Keep in mind we are trying to keep our tank colorful and lively.


----------



## Fishfirst (Jan 24, 2005)

for corals I'd go with mushrooms, polyps, and softs... they need less light than the hards, and are still nicely colored. Yet they still need a lot of light, florcent compacts are a must... (VHO's and Halides are options too) you need about 4-5 watts per gallon before you can get these corals or they will just wither away like a plant without any sunlight. I'd get some live rock and cure it in a rubbermaid container with a powerhead for a couple weeks so you don't have a bunch of die off in your tank. Also you can get base rock and seed it with live rock so you get all live rock. www.hirocks.com is a good place to get your base rock for a good price.

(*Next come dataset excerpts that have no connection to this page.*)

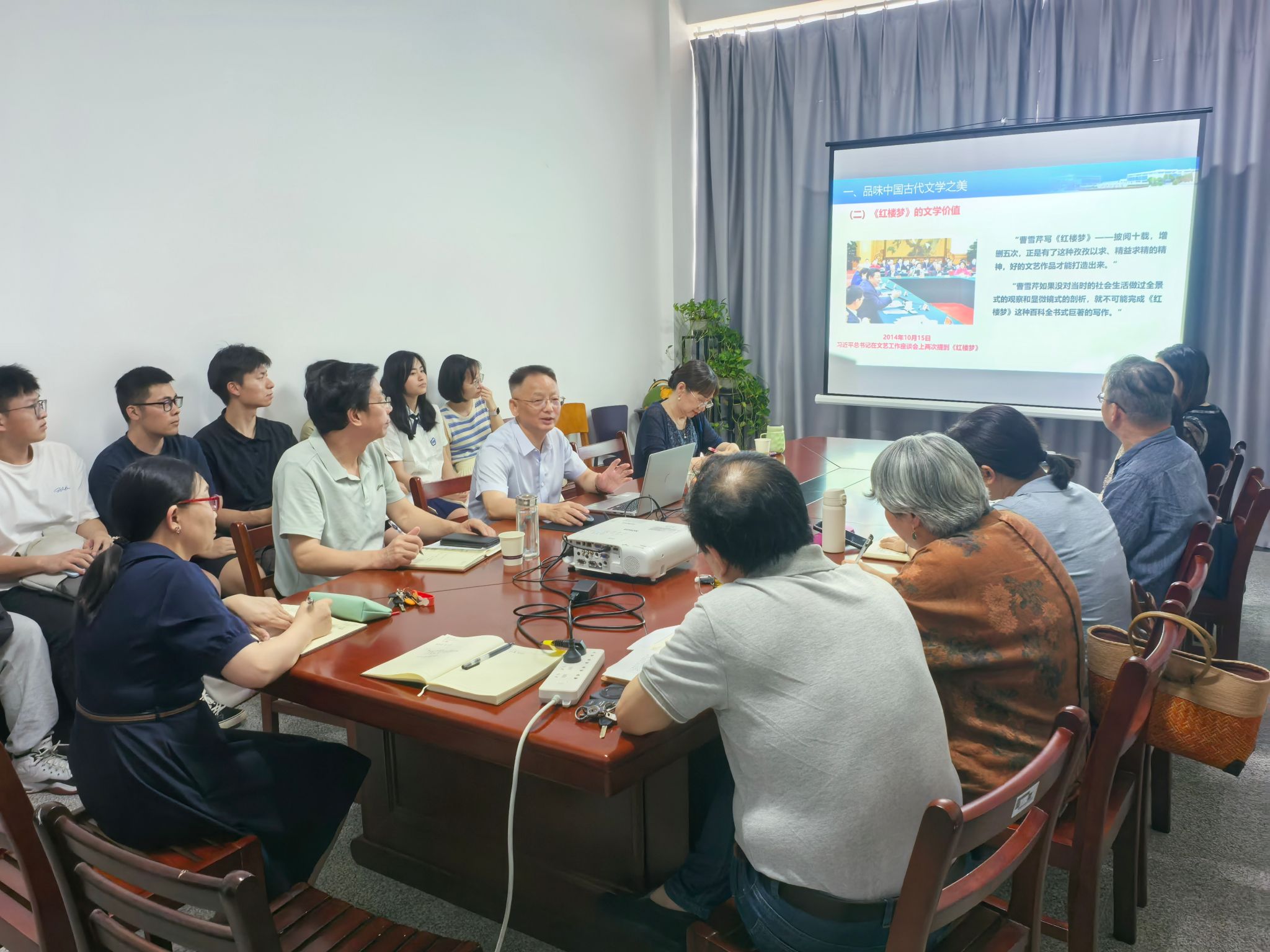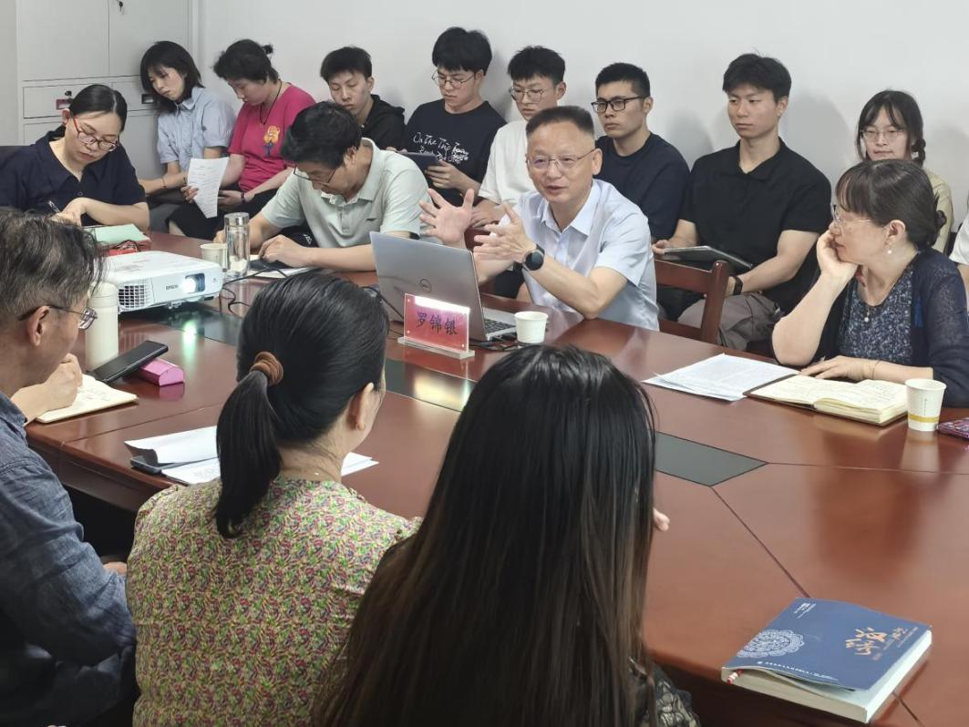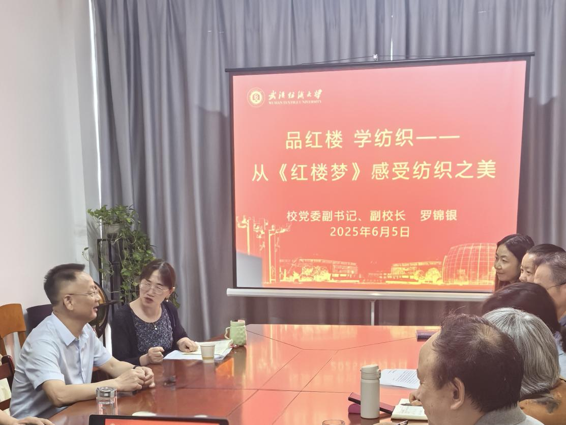 6月5日下午,在崇文楼313会议室,校党委副书记、副校长罗锦银以《品红楼 学纺织——从〈红楼梦〉感受纺织之美》为题,到国产乱婬AV片免费做学术讲座。国产乱婬AV片免费全体班子成员、教师代表和24级MTI研究生聆听了讲座。讲座由国产乱婬AV片免费院长谭燕保主持。
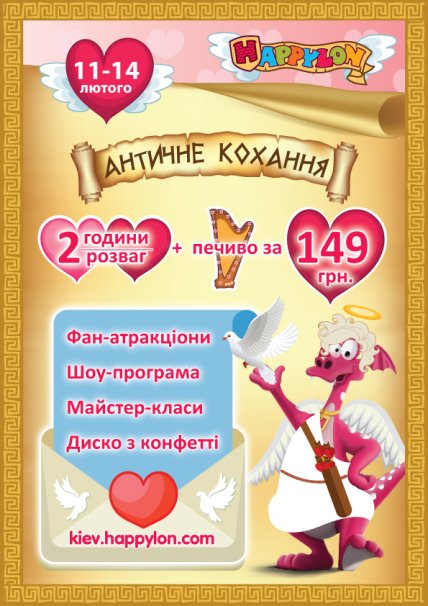 Приглашаем отпраздновать самый романтичный праздник зимы в Хэппилоне. Мы подготовили для вас оригинальную тематику, шоу-программу и интересную акцию на развлечения:
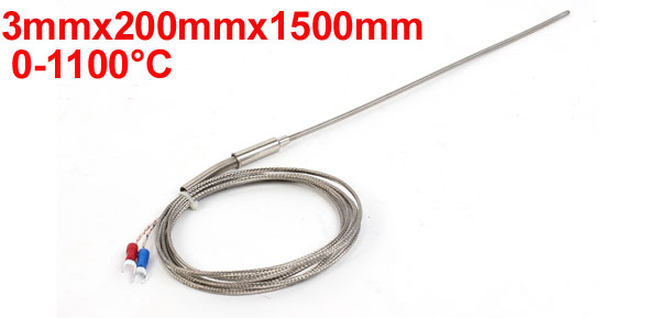 Product Name Thermocouple Transfer Type K Type Temperature Range 0-1100C Probe Diameter 3mm/ 0.12" Fork Terminal Spacing 4mm / 0.16" Probe Length 200mm/ 7.9" External Shielding Metal Shield Total Length 1.5m / 5Ft Color Silver Tone Weight 38g Package Content 1 x Thermocouple - Reviews
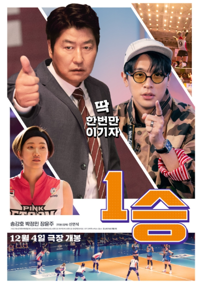 소방관과 같은 날 영화 <1승>도 개봉이 예정되어 있습니다. 이 영화의 주요 줄거리는 프로 경력이 없는 배구선수 출신 우진이 해체 직전의 프로 배구팀인 핑크스톰의 지휘봉을 잡게 되고 1승을 하기 위해 고군분투하는 과정을 그린 이야기라고 합니다. 배우 송강호가 우진 역을 맡았으며, 배우 박정민이 핑크스톰의 구단주이자 재벌 2세인 강정원 역을 맡았습니다. 그리고 여러 영화들에서 개성 넘치는 감초 연기로 많은 사랑을 받은 장윤주가 핑크스톰의 주장인 방수지 역을 소화했다고 합니다. 그 외에 박명훈과 이민지, 차수민 등의 여러 배우들이 합류해 극의 재미를 더욱 풍성하게 채워줄 예정이랍니다. 이 영화는 시놉시스와 예고편에서도 알 수 있듯이 유쾌한 코미디 장르인 만큼, 연말연시 따뜻하고 유쾌한 영화를 보고픈 분들에게는 좋은 영화가 되지 않을까 싶네요.
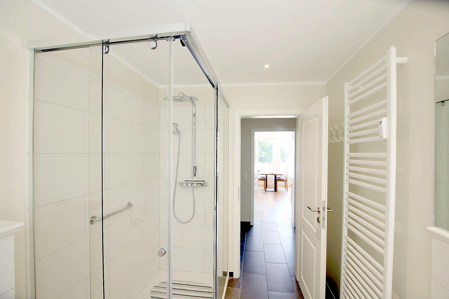 - Badezimmer mit extralanger Dusche (1,60m) und Regenbrause
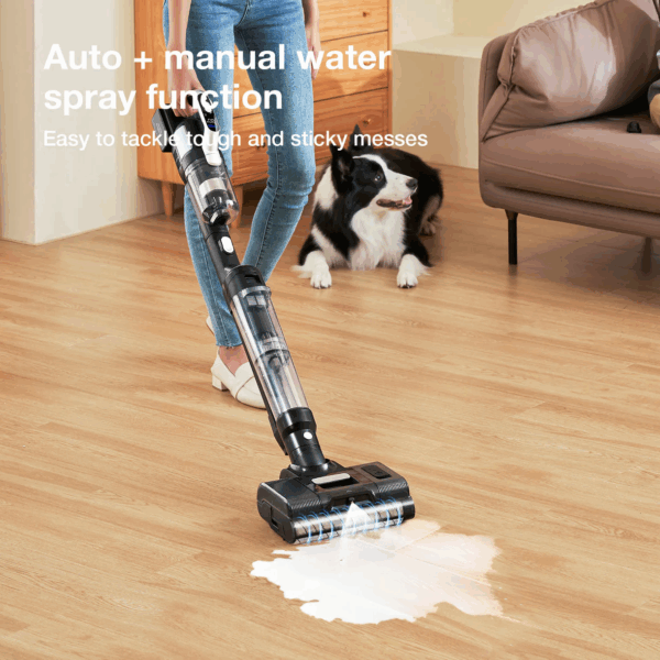 Auto water spray: Clean water is automatically and evenly dispersed on the roller brush to wash and mop the floor with fresh water.
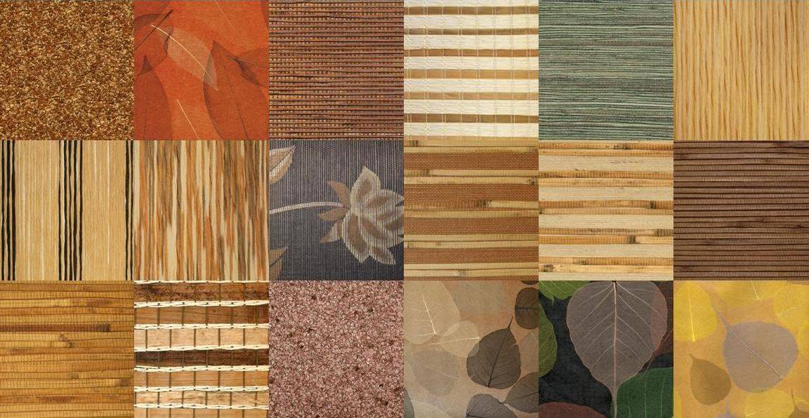 Натуральные (растительные) обои изготавливают из природных и натуральных материалов: древесного шпона, бамбука, джута, морских водорослей, камыша, папируса, пробки и пр. Фрагменты или волокна природных материалов приклеивают на основу из неотбеленной бумаги, полотна или флизелина.
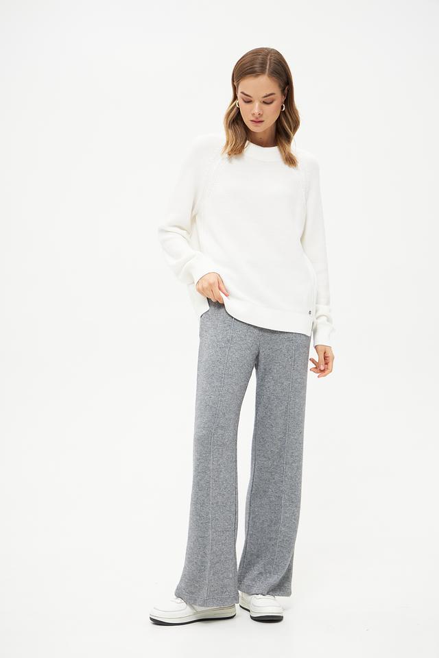 Модель имеет свободный силуэт, который не сковывает движений и позволяет создать расслабленный образ. Круглый вырез горловины подчеркивает элегантность и универсальность пуловера.
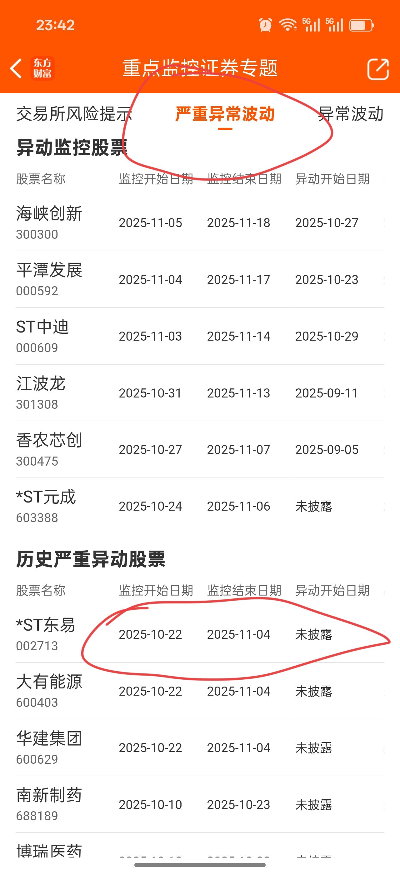 差点被上了小黑子的当,好在刚问了我的好大哥才搞清楚一个是严重异动,一个只是风险提
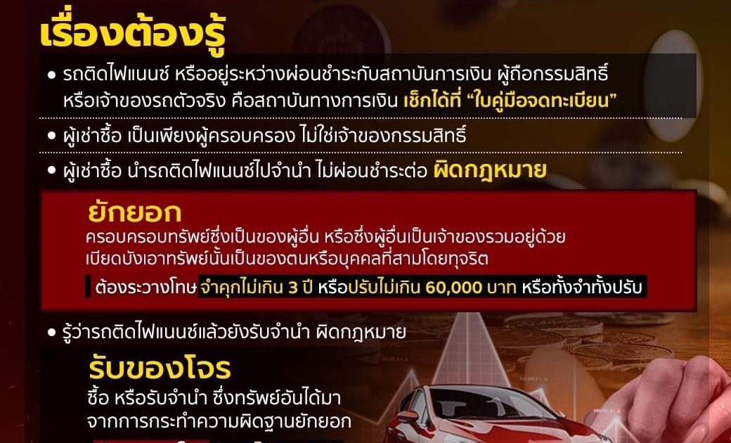 สำนักงานตำรวจแห่งชาติ จึงขอเตือนพี่น้องประชาชนว่า รถที่ติดไฟแนนซ์หรืออยู่ระหว่างผ่อนชำระกับสถาบันทางการเงิน ผู้ถือกรรมสิทธิ์หรือเจ้าของรถตัวจริงของรถคันดังกล่าว คือสถาบันทางการเงิน ส่วนผู้เช่าซื้อเป็นเพียงผู้ครอบครองเท่านั้น ไม่ได้เป็นเจ้าของกรรมสิทธิ์โดยสมบูรณ์

I'd get a 4-1 ratio of base rock to live rock and about a total of 75-100lbs of it. Feeding Clarkii? clownfish shouldn't be that hard... if you have flakes or pellets they will gladly accept these, plus shrimp and fish you buy at the grocery store is good for them too.


----------



## Hickers (Mar 25, 2005)

Also a feather duster is a nice addition...

Hickers


----------



## sully01 (Mar 22, 2005)

what about anemeonies. i really like those. they would be good for the clown fish right.?


----------



## Hickers (Mar 25, 2005)

Depends

The chances are the clown fish would not interact with the anemeonies, unless you are lucky. Your clownfish could be tank bred so it is a bit of a misconception that they would. Most clown fish are excellent begginer fish, (but I did have a pair of baby common clowns that were bullied to death by Domino damsel).

Regards

Hickers


----------



## Fishfirst (Jan 24, 2005)

anemones are not for the average aquarist... it takes a massive amount of lighting for most anemones... they just plain don't do well without it. I would highly recomend not getting one until your feet are well in the water... say in 4-5 years.


----------



## sully01 (Mar 22, 2005)

yah maybe we should wait...


anyway. we went to the fish place and i saw one of those gobys. those are probably the coolest looking fish ive ever seen. it kept digging adn spitting the sand out. i figured that we should get one of those cause right now we have a lot of top and middle of the tank fish but no bottom fish. just hermit crabs. i think that one goby and a blenny would do nicely..what do you think?


----------



## wrasser (Apr 5, 2005)

sully01 hows the tank going for you?


----------



## Guest (Apr 7, 2005)

what kind of goby?


----------



## sully01 (Mar 22, 2005)

the tank is actually going great right now. we got some base rock and put it in there and it looks really nice. as soon as we get some live rock and get it all cured i think it will look nice

as for the goby i dont know i couldnt find the tag for it. (you know how at like petco they have the fish in the tank and the name of it on the outside) but it was really entertaining watching it dig in the sand


----------



## sully01 (Mar 22, 2005)

just put in some new fish
butterfly and a yellow spotted goby

really nice

tank is doing great


----------